Social Media: The Marauder of Genuine Relationships

Shall we bid “au revoirue” to realistic and genuine relationships? Since the invention of chat rooms and social media, genuine and organic relationships have seemingly escaped the human experience. A few years ago, my family made the decision to deactivate our Facebook and Twitter accounts. At first there was much defiance (my children were teens at the time). Later on, we all discovered it’s effects on our spiritual and relational growth. This sacrifice allowed us to build a stronger family foundation, more intimacy with the Father, and added more time for family discipleship. This became our time to engage in challenging conversations, and has brought lots of laughter in our home. This also allowed for very transparent conversations about life, relationships, and hard-core questions about my past mistakes. Unbeknownst to me this would be a crucial time for my family’s growth. It was instrumental in the aversion of generational influences.

I would love see how this level of intimacy could effect a people in any community. Social media has made many of us socially awkward. I am observing that people just don’t know how to to be engaged in human interaction. There is little to no eye contact and there seems to be a language barrier; like “what do I say”…duh.

What would happen if we were just as bold and candid about our personal life in the face of our neighbors, associates, or with the people at church (HA!..NO HOLY FACE MASKS ALLOWED).  While engaged in SM, I found that my social networking “friends” were more confident over a tablet, phone app, or PC. Unfortunately that false confidence seemed to disappear once there was face-to-face interaction. I can recall a time when a particular  SM “friend” was very engaged in posting comments where I started many controversial conversations; but later; in social events that person would “avoid me like the plague”…WHAT!?  Ironically, my children(now adults) had the same experiences.
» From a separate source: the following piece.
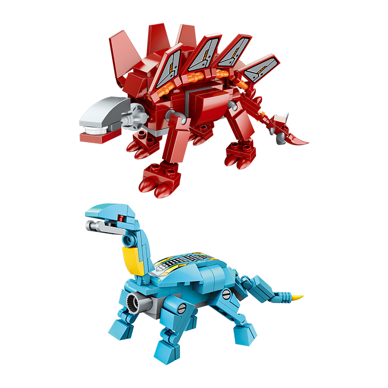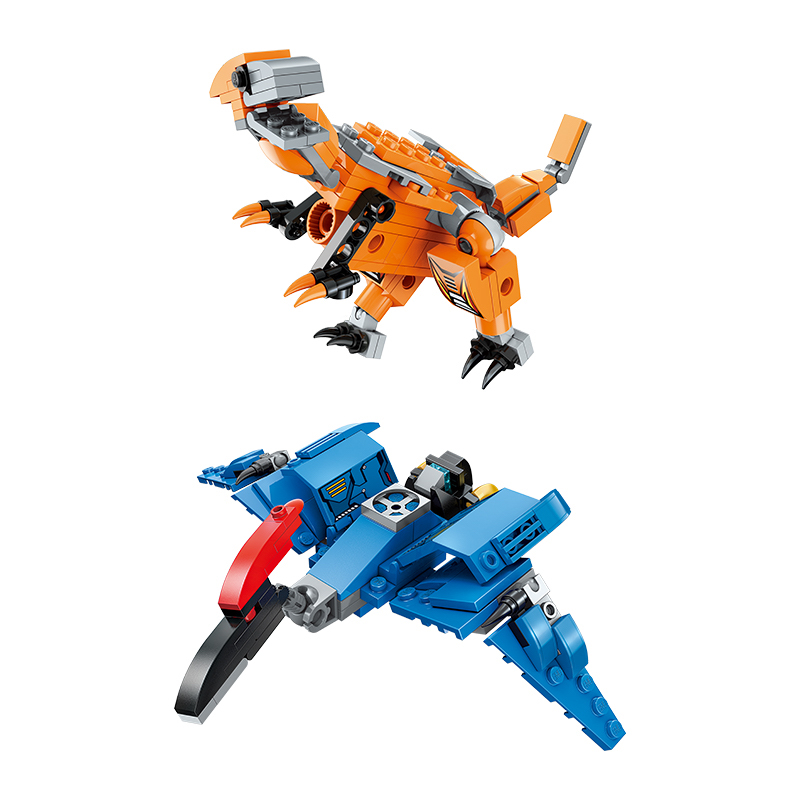 - Lắp ráp tạo thành 6 loại khủng long khác nhau, ghép cả 6 mô hình tạo thành Robot lớn

There would be times that their “friends” would see them in public places and would not acknowledge them publicly. These same “FB friends” always had a response to a post when it was important to enough…hmmm..Now…some of you may be saying “maybe you guys are just not that important”..Point taken…AND THAT’S EXACTLY THE POINT!!

Human ingenuity should not usurp the benefits of the human experience. When social media is the major driver in a society’s socialization, it dehumanizes the masses. For some, it makes them very critical, narcissistic, and shallow. Not to mention that the temptation to gossip (and speak foolishly on issues that they have not researched), engage in so-called “harmless” voyeurism, and the pastime does nothing to feed the Spirit..IT’S ALL flesh feeding. SM is a marauder of the human relationship. It has become a tool to destroy. In the years to come we will see the unimaginable come to fruition due to SM.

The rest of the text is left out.